*Required work:*
When you reach the line that contains "Madina Jewelry 4.50" in the data below, start reproducing lines exactly, and stop after the line that contains "The conceptually important".

*Records for the exercise:*
....

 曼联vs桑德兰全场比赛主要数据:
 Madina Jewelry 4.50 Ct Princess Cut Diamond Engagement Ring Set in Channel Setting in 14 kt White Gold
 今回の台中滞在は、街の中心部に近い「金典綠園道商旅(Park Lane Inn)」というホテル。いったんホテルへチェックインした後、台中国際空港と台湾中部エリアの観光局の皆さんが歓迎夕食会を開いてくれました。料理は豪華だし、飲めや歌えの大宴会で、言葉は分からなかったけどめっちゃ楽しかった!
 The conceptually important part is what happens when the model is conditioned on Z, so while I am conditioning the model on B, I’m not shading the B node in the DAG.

....

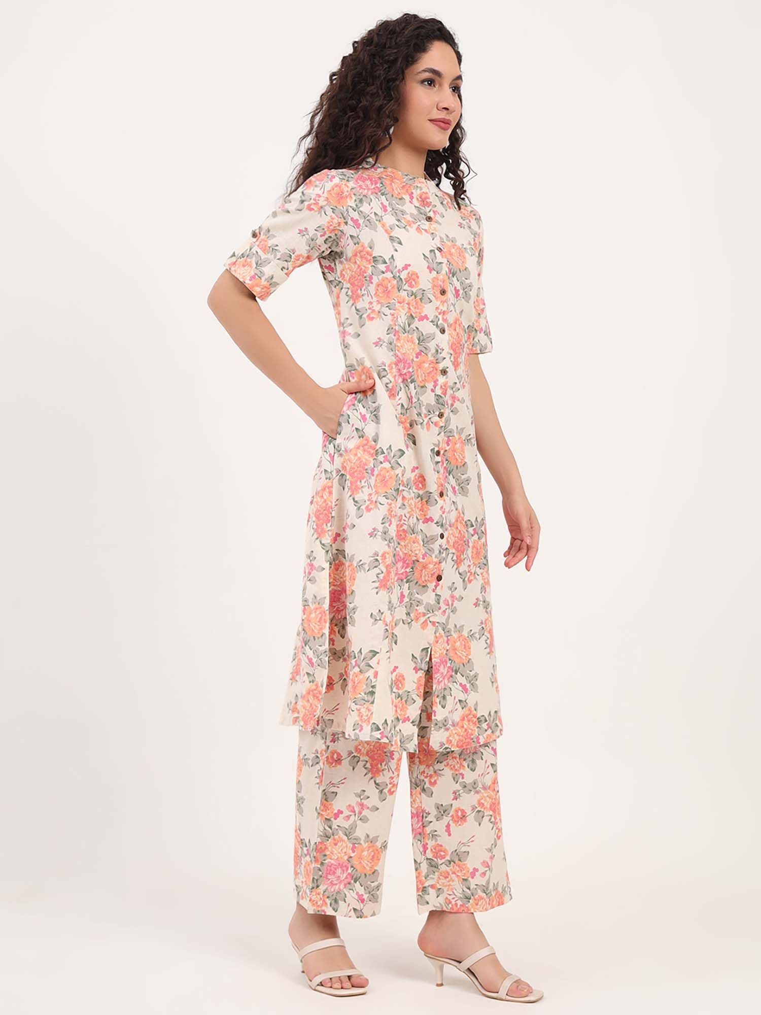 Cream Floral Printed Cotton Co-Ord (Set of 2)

....

*Answer section:*
 Madina Jewelry 4.50 Ct Princess Cut Diamond Engagement Ring Set in Channel Setting in 14 kt White Gold
 今回の台中滞在は、街の中心部に近い「金典綠園道商旅(Park Lane Inn)」というホテル。いったんホテルへチェックインした後、台中国際空港と台湾中部エリアの観光局の皆さんが歓迎夕食会を開いてくれました。料理は豪華だし、飲めや歌えの大宴会で、言葉は分からなかったけどめっちゃ楽しかった!
 The conceptually important part is what happens when the model is conditioned on Z, so while I am conditioning the model on B, I’m not shading the B node in the DAG.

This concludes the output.